The Cache God, pt 1.

This is some short fiction that was lumping around in my head recently. I think I know where it's going. It is still somewhat raw - I need to do some editing and stuff, but for the time being I just want to get some content out there.

"The problem is, I really do not know how it works." Paul took a long slug of beer and grimaced. "I mean, it does work, which is great. Even better, it seems to work without flaw. It is just that I have no idea why. By rights it should either just lock up or throw null pointer exceptions half the time."

We're drinking. There's this bar at the end of the pier. Its real name is unimportant, because a long time ago (that is, six months, which seems like forever), Steve-0 christened it the Floating Point. Without meaning to, Steve-0 paved the way here, because with a nickname like that, it is easy enough for us to work references in where the boss can't quite grok. Paul says something about fixed precision numerical representations in the morning stand-up, and I know where we'll be having our late, liquid, lunch.

Anyway, the moral of the story here is that semiotics is, (wait, are?) awesome. I can say something out loud and two different people will glean two different meanings. Of course, calling it 'semiotics' right there is another marker, right? You know more about what to expect from me and my story this way. I could have avoided this paragraph entirely - some might suggest that I should. This story is different for you, though.

So, there I am. The time is four in the afternoon, and happy hour just started. It is okay, we have been here for an hour already and we should be happy. I, at least, am. Or was. It is Friday at the end of a long week, and I have gotten through another day on the team without moving our entire product below the MVP line and shouting, "None of this is viable, motherfuckers!" The people who write user stories for us think we can engineer up magic. This week, I had managed to convince the designers that while voice input is interesting, we can't base core functionality on use of voice commands quite yet. Can you imagine a subway car full of people shouting "approve transaction!" at their phone's wallet application when the gate debit pings their cards?

Paul, on the the other hand, does not seem all too happy. I gesture at the bartender, signaling with an efficient nod and circle drawn in the air with my forefinger that we want the same again.

while (!user.drunk) {  

"I don't get it Paul. You had a stellar week. On Monday, I though you were doomed - you got stuck with optimizing data throughput on the mobile stack, which is probably as much fun and as productive as eating glue."

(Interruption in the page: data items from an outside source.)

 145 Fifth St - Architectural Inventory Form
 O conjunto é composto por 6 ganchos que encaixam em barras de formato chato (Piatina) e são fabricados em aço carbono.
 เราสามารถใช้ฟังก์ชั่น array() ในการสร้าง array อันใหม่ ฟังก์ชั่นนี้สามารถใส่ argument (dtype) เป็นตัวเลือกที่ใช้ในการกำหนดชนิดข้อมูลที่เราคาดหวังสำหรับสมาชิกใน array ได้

"Paste is much better. Did you know that they stopped selling school paste? You can't buy it anymore, just school glue or glue sticks. Not the same. Anyway, people are swapping recipes online, making DIY paste to eat and remember their childhood."

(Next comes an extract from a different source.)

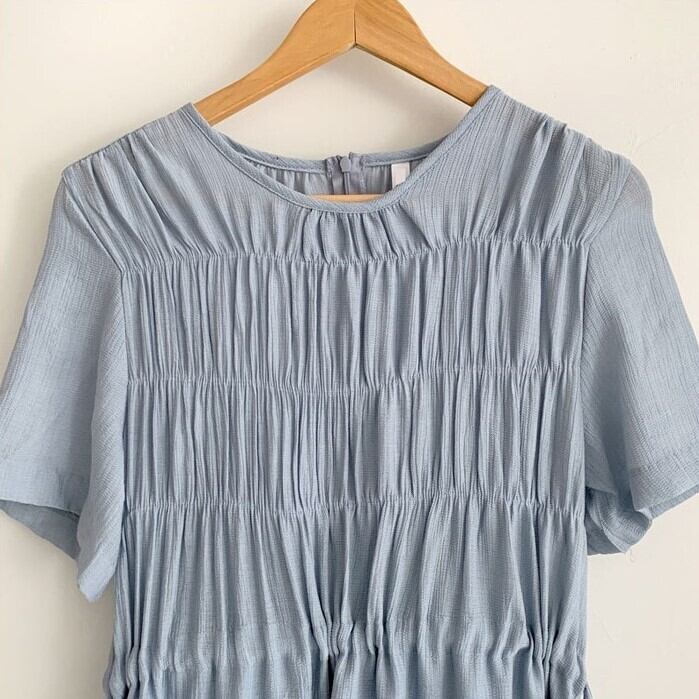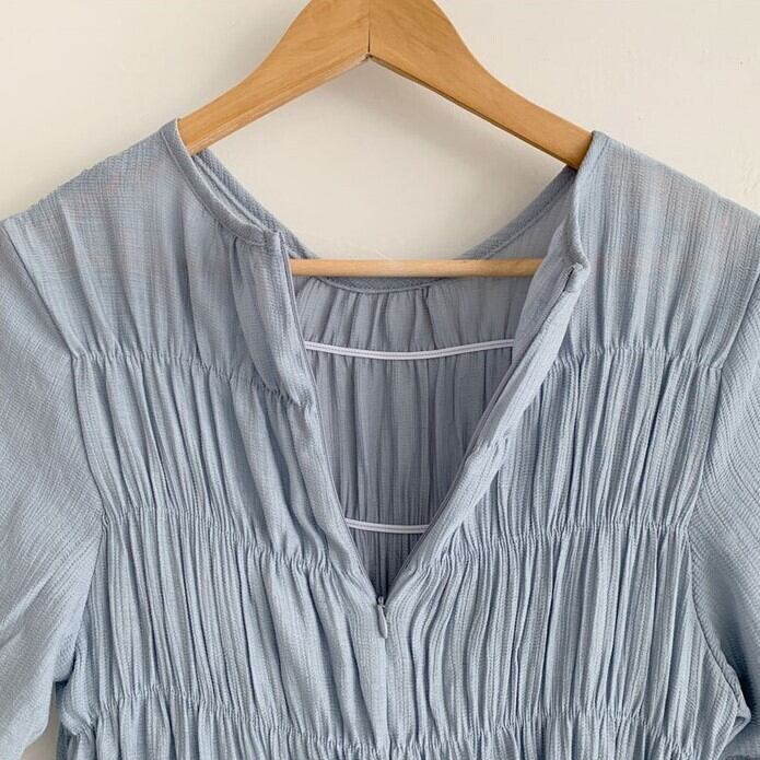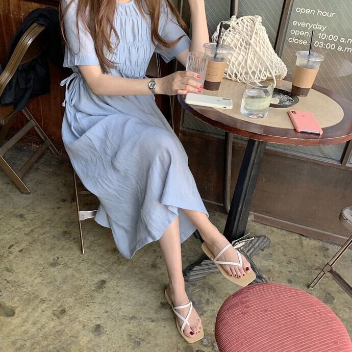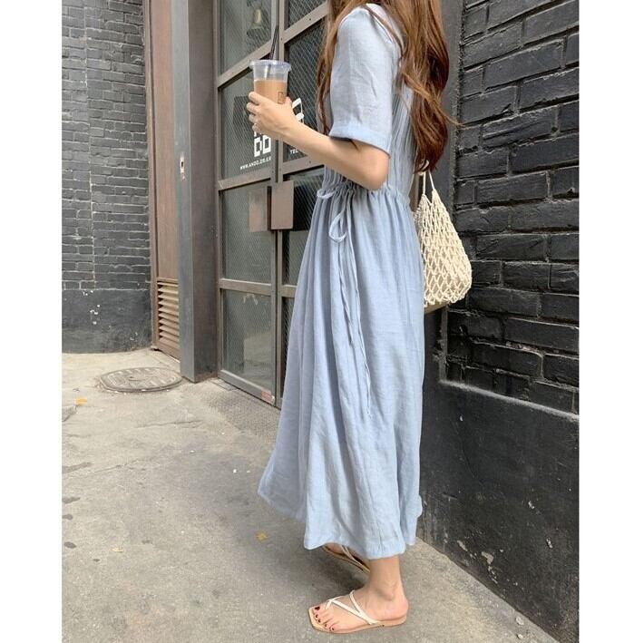 マジョリカプリーツ切り替え サマードレス レディース ワンピース 膝下 ミモレ ミディアム丈 半袖 ドロップショルダー ラウンドネック 襟なし Aライン ウエストドロスト サイドリボン かわいい 大人可愛い きれいめ シンプル カジュアル 上品 おしゃれ こなれ感 ナチュラル フェミニン 清楚 無地 春 夏 ママ 女の子 学生 学校 通学 デート お出かけ リゾート 旅行 ビーチ 女子会 休日 バカンス ショッピング カフェ 韓国 オルチャン コーデ 楽ちん 体型カバー 普段使い ワンサイズ 青 ブルー

"Spare me the nostalgia, Paul. As I was saying, you hit our entire network use with some kind of hammer. It is down like forty percent in beta. Do you know what our bandwidth bills are? I mean, this is just mobile, and beta, but if it scales ..."

"It will scale."

"There you go. When it scales, you are going to be famous. You have singlehandedly cut our operating costs by a large amount and improved our responsiveness online. In places like India, where people have to work a day at minimum wage to cover a megabyte of 3G bandwidth, the new system may end up making a noticeable improvement in the standard of living."

"Do not get carried away. I know, we are making the world a better place through more efficient network methodologies. I get it. It will help a lot with desktop as well, for all people use that anymore, and the server infrastructure guys were looking at it too, it may end up help with data replication to our edge caches. This is not just for high-error-rate rural wireless. This shit will push corporate over the moon, once everybody realizes what I have build. I am just glad I work where I do; if a patent comes out of it I will get a fair share."

Paul tosses off the rest of his beer and stares morosely at his empty glass. Burps. We're approaching the end of that loop, and side effects are accumulating. Life is not functional in that way.

"The problem is pretty simple. I am not sure you can patent God."

"What? How many beers have you had? You know about the no-bullshit rule."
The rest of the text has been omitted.